# [REQUIREMENT]
Range to copy from the entries below: the line containing "Generic - شبكة" through the line containing "式では、片山浄見理事長が「受", inclusive. Retype only those lines, exactly, without any images.
THE DATA Start Marker
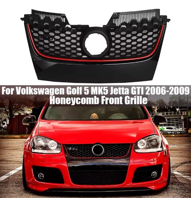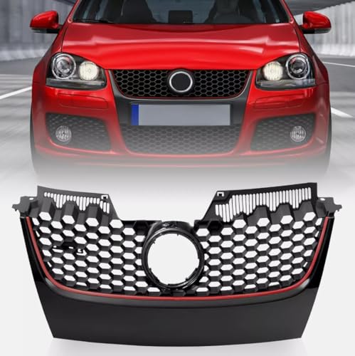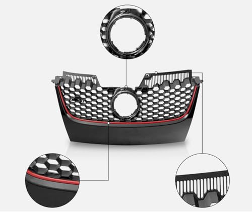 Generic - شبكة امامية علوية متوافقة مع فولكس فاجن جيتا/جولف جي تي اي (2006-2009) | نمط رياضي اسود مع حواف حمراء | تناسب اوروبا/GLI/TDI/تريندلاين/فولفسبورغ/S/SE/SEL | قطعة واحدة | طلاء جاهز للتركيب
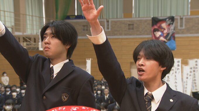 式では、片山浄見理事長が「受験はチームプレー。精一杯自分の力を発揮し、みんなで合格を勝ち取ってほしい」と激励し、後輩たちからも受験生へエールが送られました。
THE DATA End Marker
THE DATA Start Marker
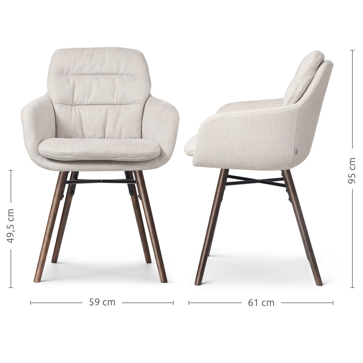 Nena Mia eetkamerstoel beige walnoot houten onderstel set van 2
THE DATA End Marker
# [OUTPUT FOR THIS EXERCISE]
 Generic - شبكة امامية علوية متوافقة مع فولكس فاجن جيتا/جولف جي تي اي (2006-2009) | نمط رياضي اسود مع حواف حمراء | تناسب اوروبا/GLI/TDI/تريندلاين/فولفسبورغ/S/SE/SEL | قطعة واحدة | طلاء جاهز للتركيب
 式では、片山浄見理事長が「受験はチームプレー。精一杯自分の力を発揮し、みんなで合格を勝ち取ってほしい」と激励し、後輩たちからも受験生へエールが送られました。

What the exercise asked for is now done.